Александр Плетнев - Когда улетают журавли
— Чти для обчества, суразенок!
— Ну, это… Не надо бы этак-то, — смутился Николай Иваныч. — Он прочтет.
— Читай, Сереженька, не томи, — попросила Лида. В ее глазах столько ожидания, что мне стало стыдно за свое самолюбие. Пошмыгав носом, я начал, как на уроке: громко, с выражением.
— Стихотворение Ивана Раздолинского «Ненависть», — прочитал я и сделал паузу. И долго еще была тишина уже после того, как я прочитал последние строчки;
…Пусть я умру, но ненависть моя
С моим врагом последним в землю ляжет.
— Та-ак, Ваня, так, дорогой наш земляк, — сдавленно заговорил Николай Иваныч. Тяжело поднялся, подошел к тетке Матрене (она опоздала к моему чтению), прищурившись, долго вглядывался в ее испещренное морщинами лицо, в котором было недоумение, ожидание и тяжелая неестественная улыбка, поклонился ей долгим поклоном:
— Спасибо, Матрена Федоровна, за сына.
От волнения теребил, тряс бородкой.
— Прочти-ка, Сережа, матери — не слыхала она.

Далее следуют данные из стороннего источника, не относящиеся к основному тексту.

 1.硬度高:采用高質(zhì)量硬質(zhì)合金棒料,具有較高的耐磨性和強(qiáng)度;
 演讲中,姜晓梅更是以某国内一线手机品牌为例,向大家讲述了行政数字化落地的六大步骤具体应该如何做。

Я стал читать, охваченный торжественным чувством, я, наверное, перестарался: перешел чуть не на крик.
— Не визжи, с силой чти, — одернул меня дядя Максим.

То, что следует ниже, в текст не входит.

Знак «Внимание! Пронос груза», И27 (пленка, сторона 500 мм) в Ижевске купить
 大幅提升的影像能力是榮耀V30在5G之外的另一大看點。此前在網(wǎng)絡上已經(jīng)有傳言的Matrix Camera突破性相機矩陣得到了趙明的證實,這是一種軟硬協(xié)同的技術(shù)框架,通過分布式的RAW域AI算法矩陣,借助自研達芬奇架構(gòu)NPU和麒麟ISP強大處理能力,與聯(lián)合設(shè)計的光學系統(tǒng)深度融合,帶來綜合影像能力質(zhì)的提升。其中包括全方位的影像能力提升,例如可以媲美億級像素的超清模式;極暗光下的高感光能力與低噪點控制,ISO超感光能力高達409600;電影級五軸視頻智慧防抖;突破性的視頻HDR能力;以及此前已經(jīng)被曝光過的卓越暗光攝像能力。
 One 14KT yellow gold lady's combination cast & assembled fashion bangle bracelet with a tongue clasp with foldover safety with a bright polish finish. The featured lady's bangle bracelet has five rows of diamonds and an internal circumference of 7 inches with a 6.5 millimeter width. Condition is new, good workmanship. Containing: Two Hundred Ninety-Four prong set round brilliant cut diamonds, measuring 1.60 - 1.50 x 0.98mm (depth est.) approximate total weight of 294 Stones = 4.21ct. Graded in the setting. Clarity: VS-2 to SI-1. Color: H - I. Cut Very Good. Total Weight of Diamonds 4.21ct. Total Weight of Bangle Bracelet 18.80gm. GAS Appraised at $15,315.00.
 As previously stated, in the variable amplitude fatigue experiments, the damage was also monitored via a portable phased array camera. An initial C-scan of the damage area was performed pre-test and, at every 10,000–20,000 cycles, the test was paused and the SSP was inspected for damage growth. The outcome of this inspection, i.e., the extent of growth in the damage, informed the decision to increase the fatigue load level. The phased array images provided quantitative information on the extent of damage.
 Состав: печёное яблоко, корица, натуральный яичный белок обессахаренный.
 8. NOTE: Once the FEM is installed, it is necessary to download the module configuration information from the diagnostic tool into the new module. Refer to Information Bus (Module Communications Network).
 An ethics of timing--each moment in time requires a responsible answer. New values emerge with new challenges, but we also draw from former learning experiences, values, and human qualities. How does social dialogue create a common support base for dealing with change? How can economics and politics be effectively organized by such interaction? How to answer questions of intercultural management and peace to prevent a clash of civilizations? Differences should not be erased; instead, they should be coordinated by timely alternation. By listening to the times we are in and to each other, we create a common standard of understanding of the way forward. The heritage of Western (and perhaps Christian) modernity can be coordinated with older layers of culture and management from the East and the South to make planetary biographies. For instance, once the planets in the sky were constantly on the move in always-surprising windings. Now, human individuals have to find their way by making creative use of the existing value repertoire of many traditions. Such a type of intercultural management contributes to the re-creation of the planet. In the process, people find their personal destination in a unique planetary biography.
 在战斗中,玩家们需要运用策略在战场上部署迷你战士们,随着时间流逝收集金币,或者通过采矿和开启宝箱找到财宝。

Я дочитал и протянул вырезку тетке Матрене. Она, не глянув на вырезку, сунула ее за ватник, прижала и молча вышла.
Я — за ней. Дул холодный промозглый ветер. Он трепал длинную юбку тетки Матрены, а она шла, прижав руку к груди, и высоко глядела перед собой. Я забегал вперед, заглядывая в ее, казалось, ко всему безразличное лицо, спрашивал:
— Теть Моть, а если дядя Ваня напишет много-много книг, а?

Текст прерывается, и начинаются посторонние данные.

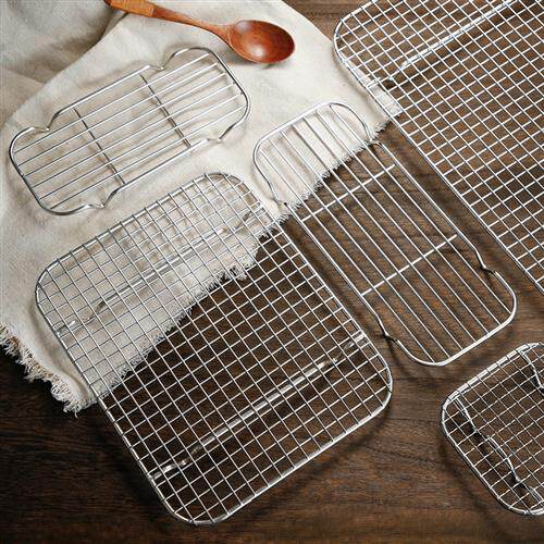 不锈钢烧烤网铁丝网格网片长方形烤网用具小格沥油网架工具圆形炉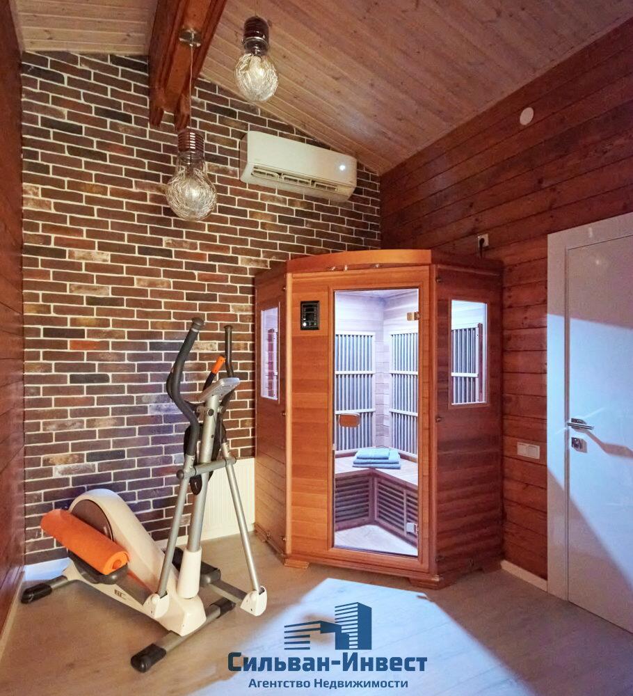 На 2-ом этаже 2 спальни, 2 функциональные гардеробные, санузел, инфракрасная сауна из сибирского кедра, уютная лаунж зона.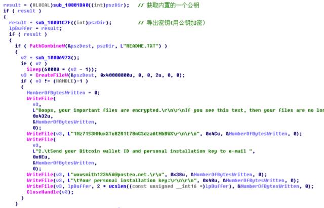 sub_10001D32函数功能是将密钥加密并写入磁盘根路径的README.TXT文件中,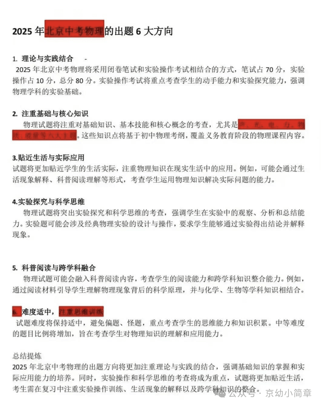 总结: 2025年北京中考物理的出题方向将更加注重理论与实践的结合,强调基础知识的掌握和实际应用能力的培养。同时,实验操作和科学思维的考查将成为重点,试题将更加贴近生活,考生需在复习中注重实验操作训练、生活现象的解释以及跨学科知识的整合。

— Каких книг-то?! Господи! Каки-их! — выкрикнула она, и я испугался, отстал.
А она шла, быстрая и прямая, и ветер трепал на ней одежду.
10
Война отняла у меня детство, хлеб, учебу. Зато дала мечту о хлебе, о доброй одежке, о светлых, не замутненных горем днях, о легкой свободе и большой учебе. Нет, никогда позже, ни в какое время, у меня не было столько мечты, как в войну. Я был наполнен мечтою, как ведро водой до краешек, всклень — неси, поплескивай, чего жалеть, когда вместо выплеснутой прибывает она, мечта, и прибывает. А мечта, известно, предвестница радости, значит, и радости никогда мною столько не ожидалось, как в войну. И поскольку исполнение мечты виделось за концом войны, то и радости где-то таились там же.
Скоро, скоро!..
И уж по скольким отголосили в Доволенке. Уж скольким был положен предел, где-то там, в неизвестно каких краях-уголках. И тосковали люди, глядя на закат, мысленно немея перед пространством; и летели их души, исходя криком, в воображении падали на задичавшие, оставленные где придется, неоплаканные могилы, и прожигали слезами незнакомую и чужую землю до косточек родных.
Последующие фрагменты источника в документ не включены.